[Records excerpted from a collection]
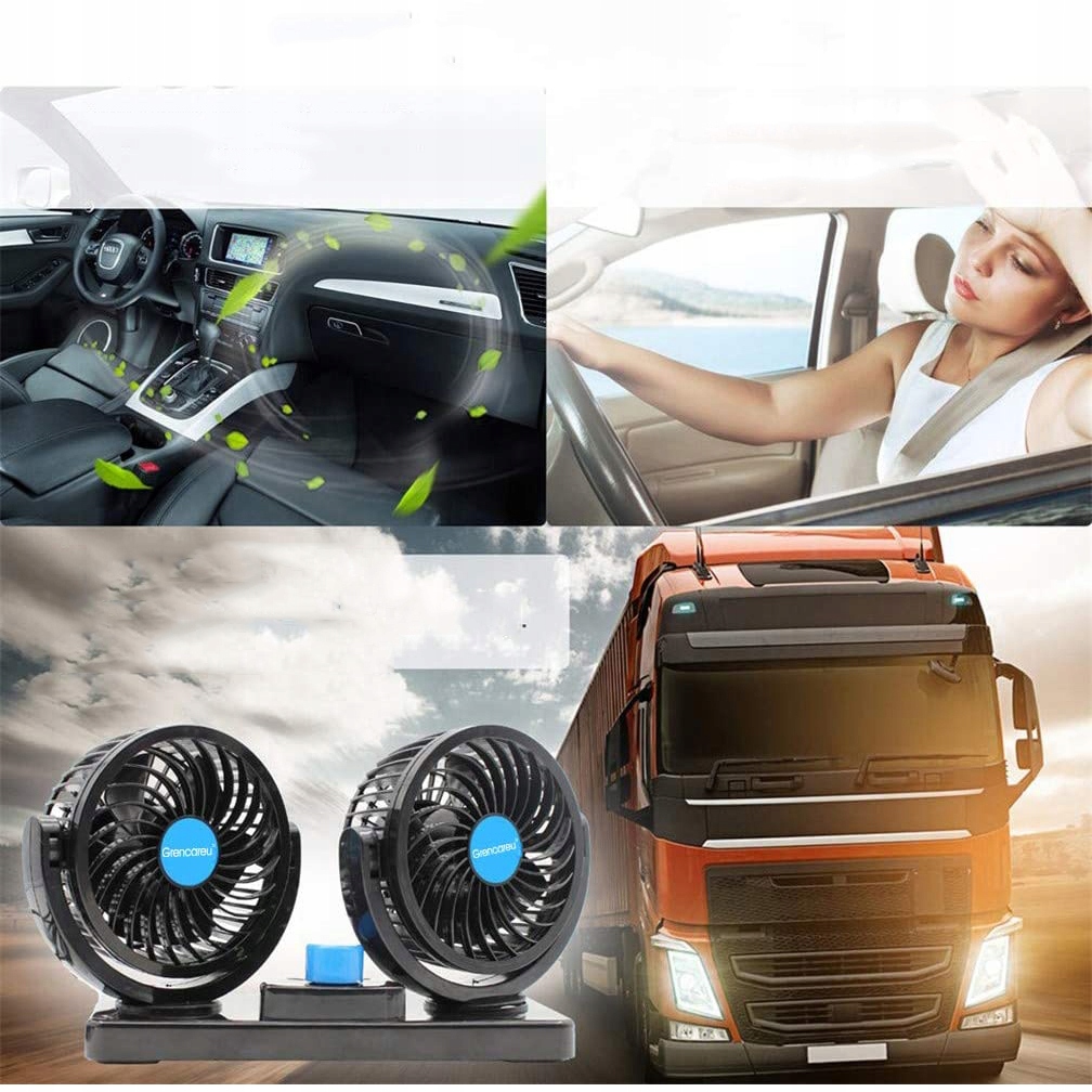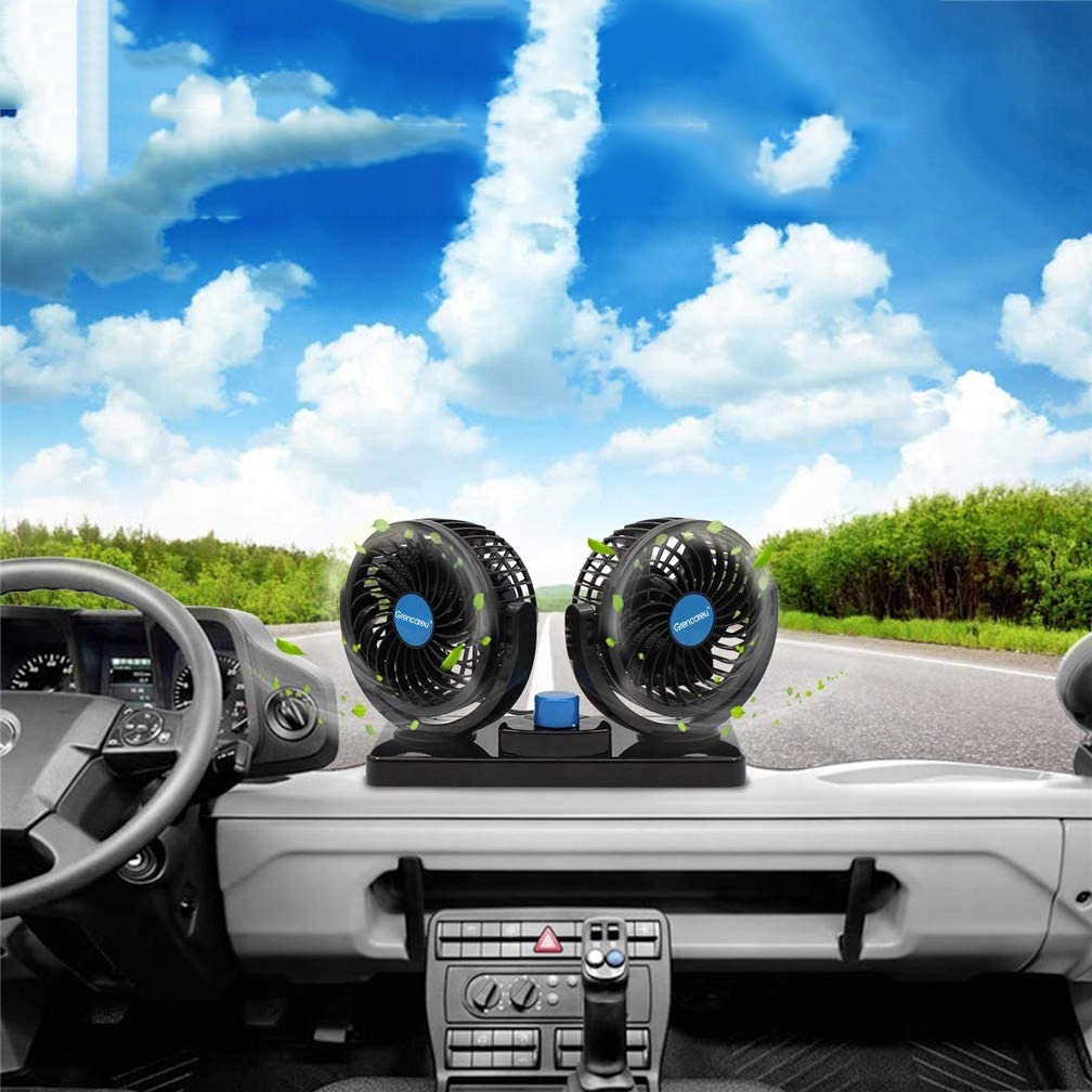 🍀 Возможность вращения на 360 °: двойная головка может вращаться на 360 °, а основание вентилятора может быть повернуто на 180 ° для улучшения воздушного потока и обеспечения холода в автомобиле.
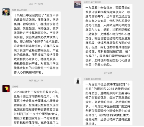 组织各学生党支部党员认真观看了中共中央举行的介绍党的十九届五中全会精神的新闻发布会,并通过支部会议和微信群等方式就关心的热点问题进行热烈讨论。
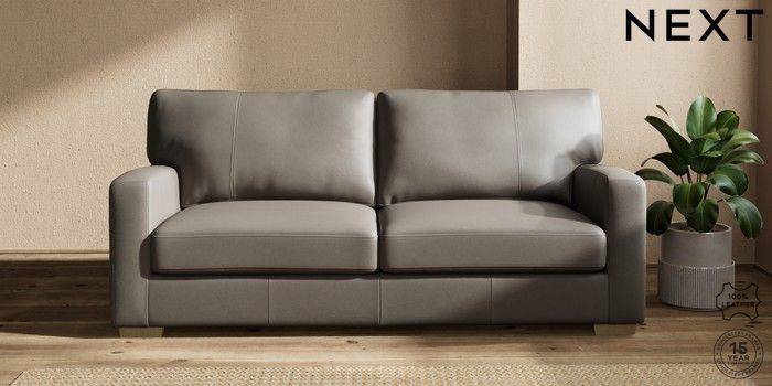 6.12.1 Buy Brooklyn Leather 3 Seater Sofa Turin Leather French Grey Slim Block - Light from the Next UK online shop Click here to use our accessible website
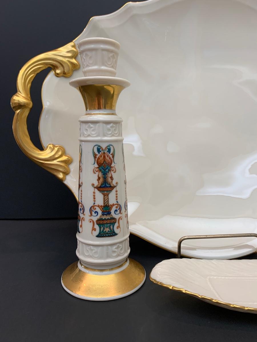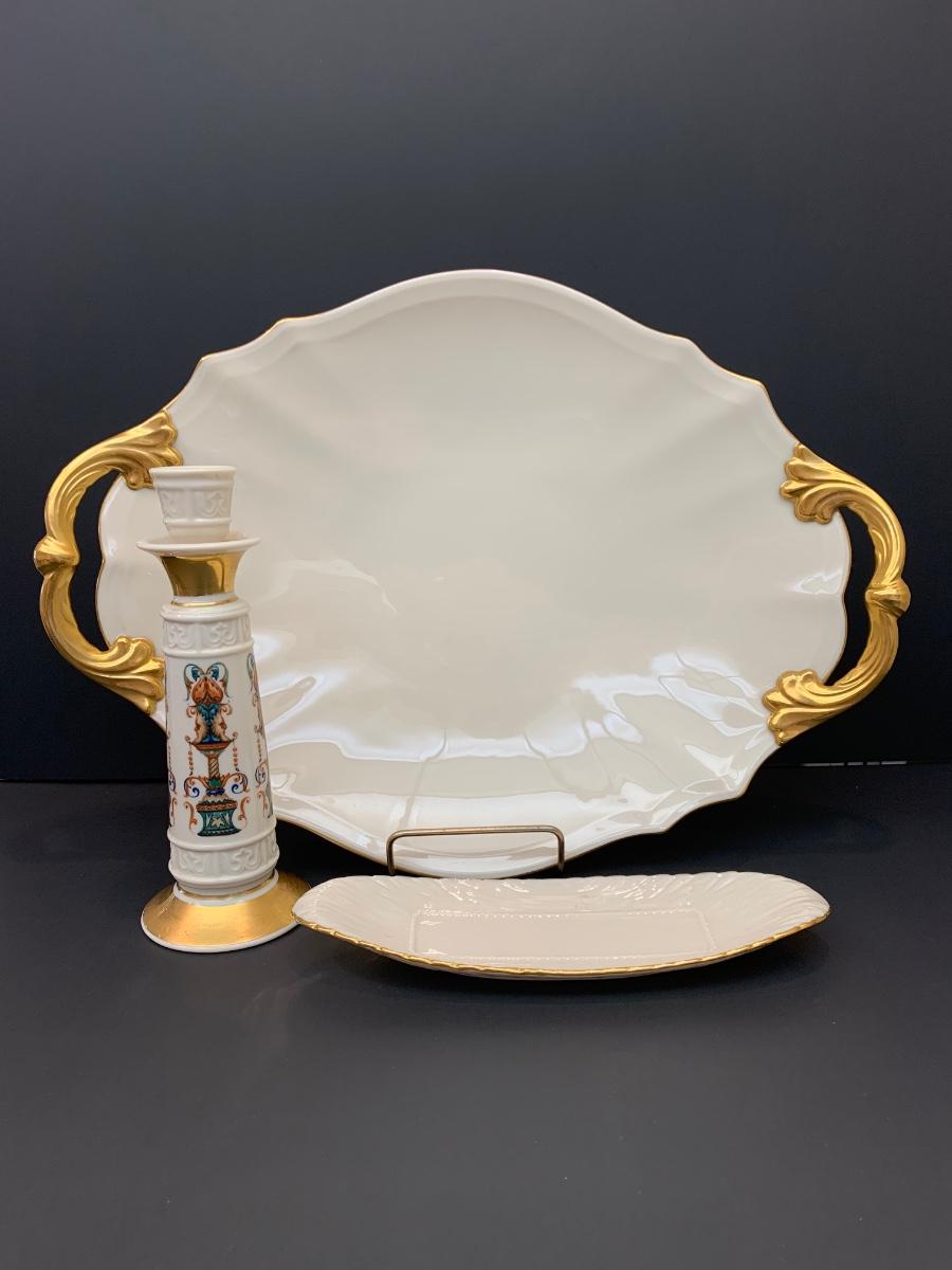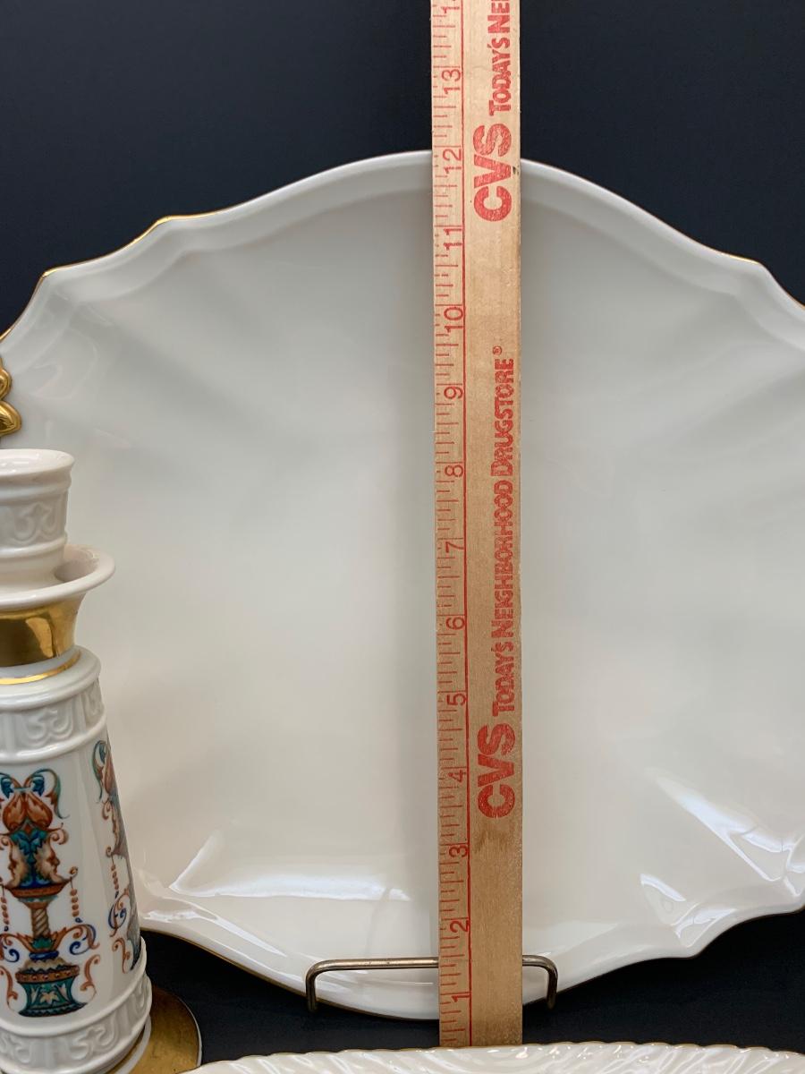 LOT 26R: Vintage Lenox Candle Stick w/24-k Gold Accents, Serving Platter & Trinket Dish
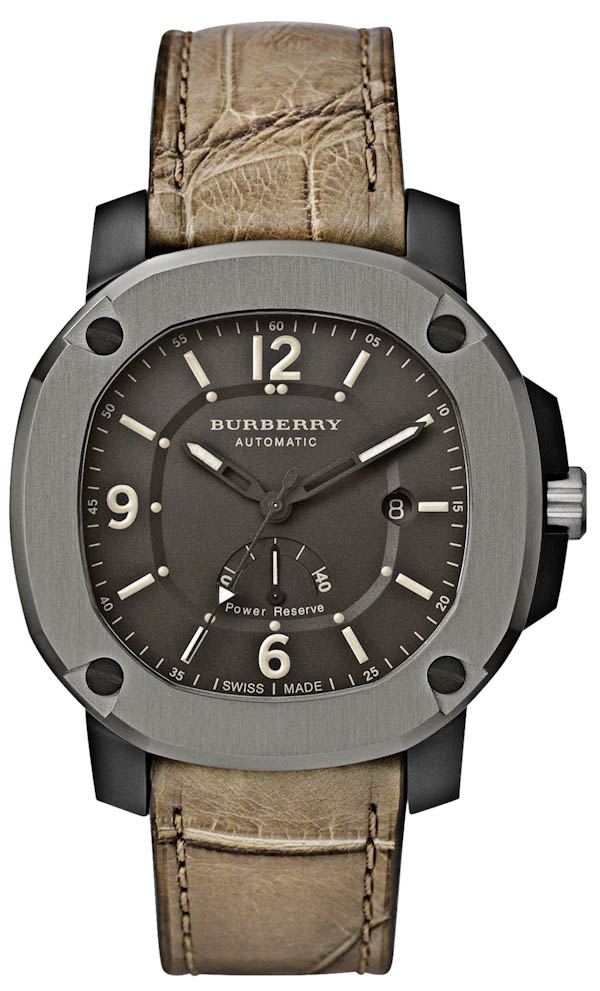 首先,有四種主要的 Burberry 英國時計。商業旗艦型號(但不太可能成為暢銷款)是外觀獨特的英國自動動力儲存手表。它采用 47 毫米寬的大號鋼制表殼,具有 IP 涂層炮銅色飾面。什么,沒有PVD?表殼設計看起來很酷,并有一個可以看到機械機芯的展覽底蓋。事實上,所有的英國機械表都是如此。表帶的選擇看起來不錯,表殼做舊。Burberry 稱之為“風衣色鱷魚皮”。具有諷刺意味的是,盡管它們指的是大衣,但聽起來一點也不奢華。雖然您以前從未見過表盤,但您以前見過像這樣的表盤。這是一個軍用風格的表盤,帶有青銅色和足夠的夜間觀看亮度。
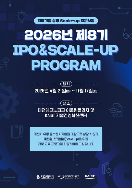 [아이뉴스24 강일 기자] 대전테크노파크(대전TP)는 지역 유망 기업의 체계적인 상장과 스케일업(Scale-up) 지원을 위한 ‘제8기 IPO&Scale-Up Program’ 참여기업을 모집한다고 17일 밝혔다.

* [EXERCISE GOAL] May I have only the lines from the start of the data through the line containing "组织各学生党支部党员认真观看", both included, reproduced exactly and without the pictures?

* [SOLUTION TO THE PROBLEM]
 🍀 Возможность вращения на 360 °: двойная головка может вращаться на 360 °, а основание вентилятора может быть повернуто на 180 ° для улучшения воздушного потока и обеспечения холода в автомобиле.
 组织各学生党支部党员认真观看了中共中央举行的介绍党的十九届五中全会精神的新闻发布会,并通过支部会议和微信群等方式就关心的热点问题进行热烈讨论。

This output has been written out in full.